# Exercise input

....

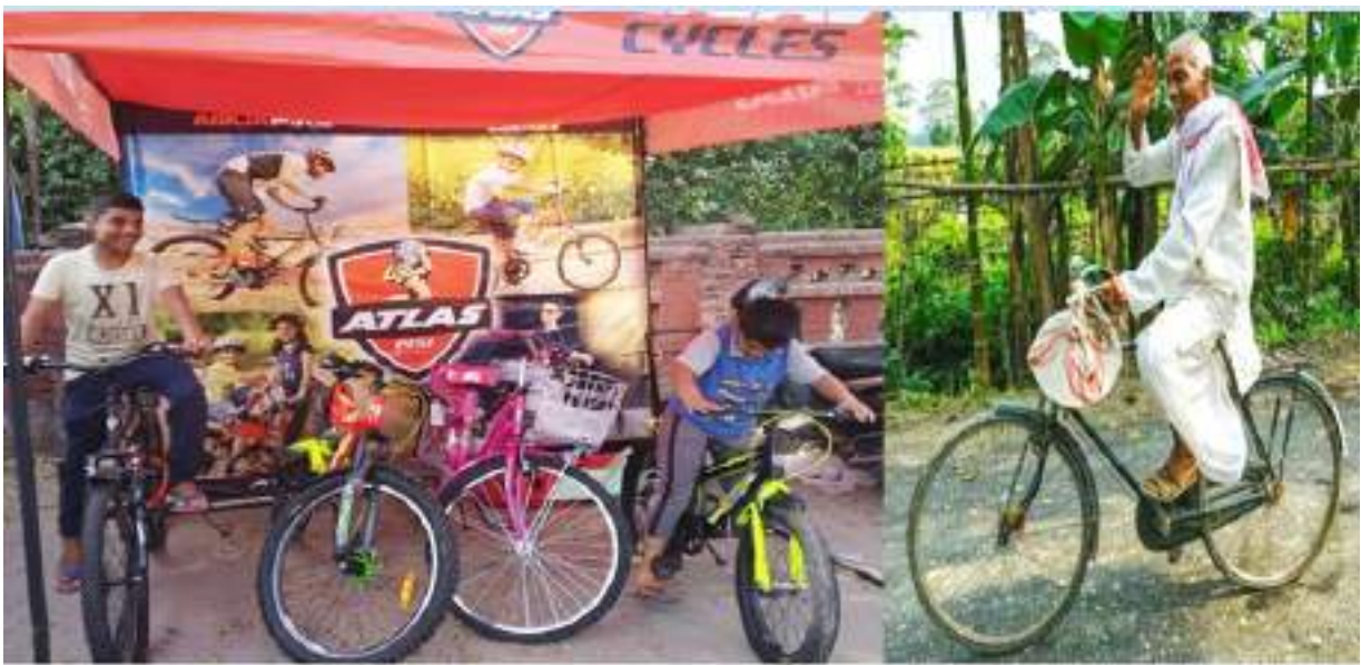
Atlas cycles-first revolution in post-independent India

It marked the start of the mass production of bicycles. From the introduction of rubber tires, chain-driven mechanisms, and lightweight materials to the innovations in braking systems and gear mechanisms, the history of bicycles is a testament to human ingenuity and the pursuit of efficient and sustainable transportation. Since then, bicycles have undergone numerous modifications and improvements, leading to the various types and designs seen in the market now. This mode
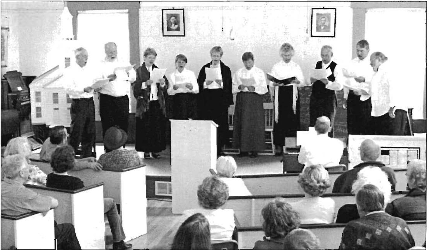
The Temperettes, a Temperance chorus, performed to help maintain the spirit of the meeting.

alone, but for their country's weal and for future generations who were yet to descend through their loins.
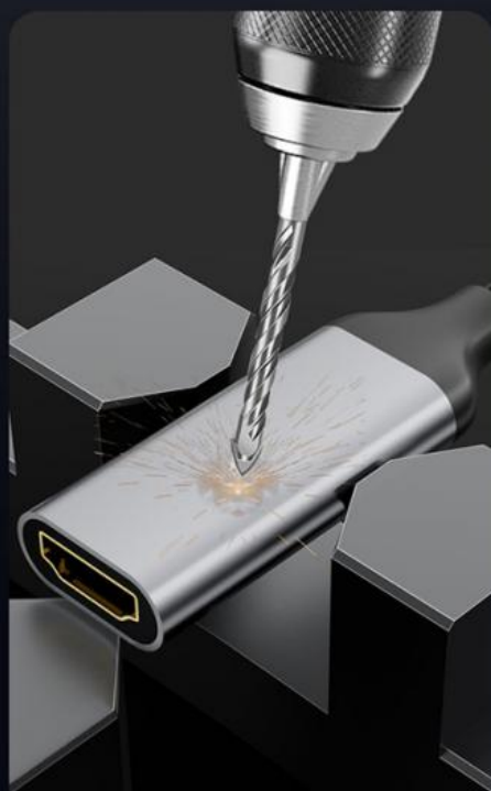
Premium Aluminum Shell
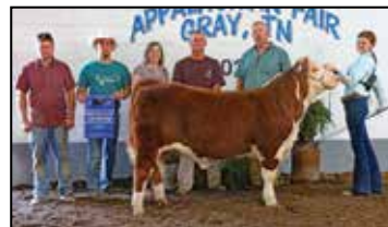
Reserve Champion Bull: LYN FLIP'N RIOT.
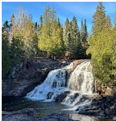
Gooseberry Falls in Two Harbors, Minnesota

SENIOR CONSERVATIONISTS: Senior Conservationists have reached the minimum age of 83 years and have completed the Senior Conservationist Questionnaire (download at https://arcsecommunications.wordpress.com/senior-conservationists/ ). See IN-MEMORIAM for the Senior Conservationists who have left us since the last Newsletter. Please help us identify retirees who should be named Senior Conservationists. Please provide their contact information to your ARCSE Representative or Regional Vice-President.
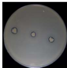
Ralstonia solanacearum FJAT-91 a
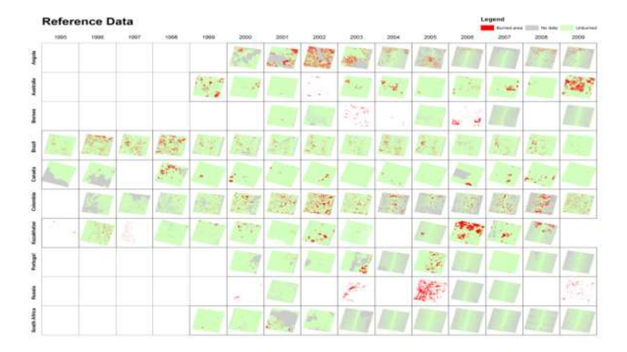
Figure 3: Time series of reference BA areas derived from multitemporal pairs of Landsat TM/ETM+ images for the study sites

adapted to the needs of the climate modelling community, both in terms of specifications and contents. The current status of the project is now focusing on developing the BA and merging algorithms and therefore, there are not yet BA outputs available.
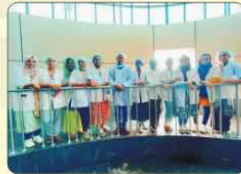
Industrial Visit Sangrore Laboratories Pvt Ltd
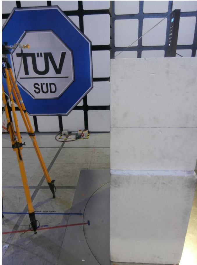
Radiated Emissions 18 GHz to 25 GHz
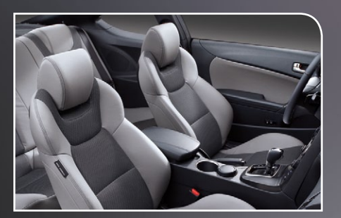
2.0T PREMIUM GREY LEATHER BOLSTER / GREY CLOTH INSERT
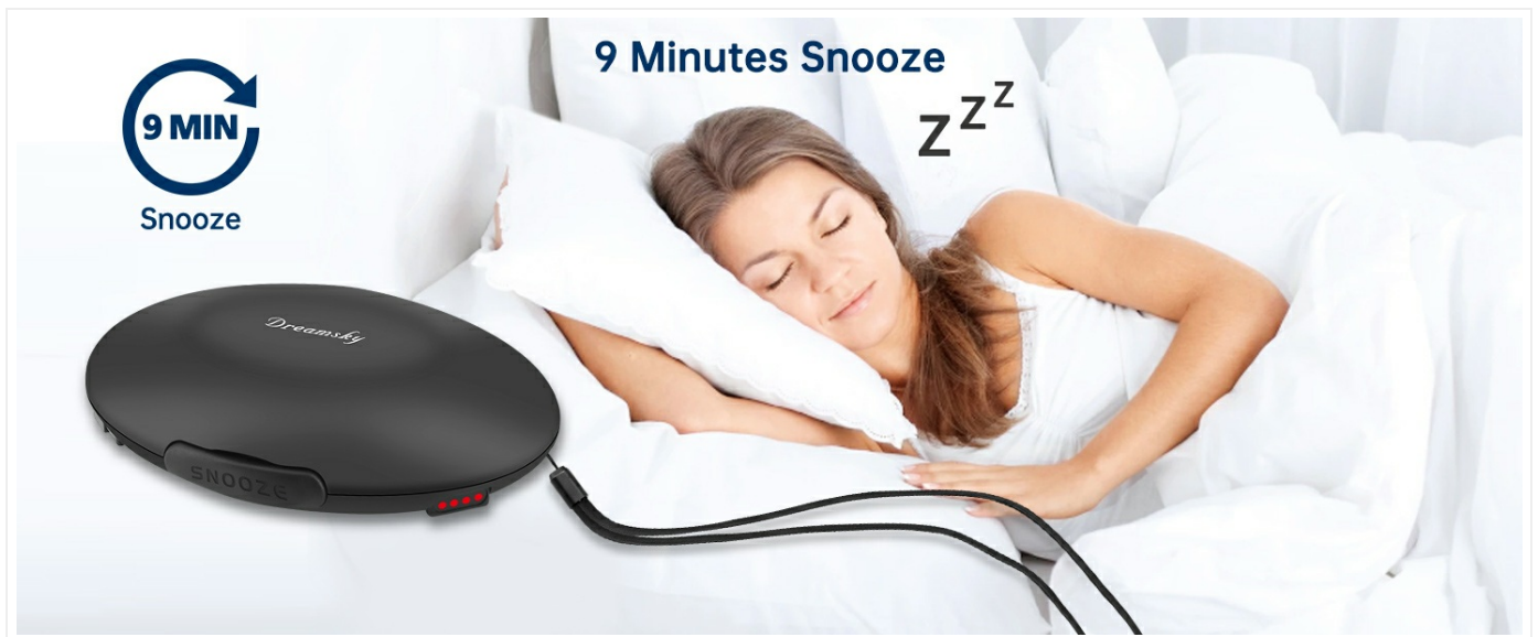
Figure 8: Snooze Function. This image shows the alarm clock under a pillow, illustrating the 9-minute snooze feature.
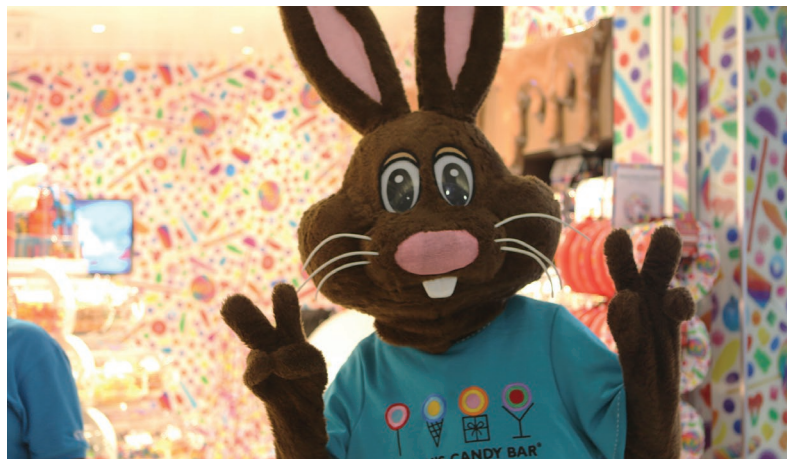
Dylan's Candy Bar marked its grand opening with a giant chocolate bunny.

....

# Task to carry out
Copy from the entries above each line in which the string "This" can be found.

# The completed task
It marked the start of the mass production of bicycles. From the introduction of rubber tires, chain-driven mechanisms, and lightweight materials to the innovations in braking systems and gear mechanisms, the history of bicycles is a testament to human ingenuity and the pursuit of efficient and sustainable transportation. Since then, bicycles have undergone numerous modifications and improvements, leading to the various types and designs seen in the market now. This mode
Figure 8: Snooze Function. This image shows the alarm clock under a pillow, illustrating the 9-minute snooze feature.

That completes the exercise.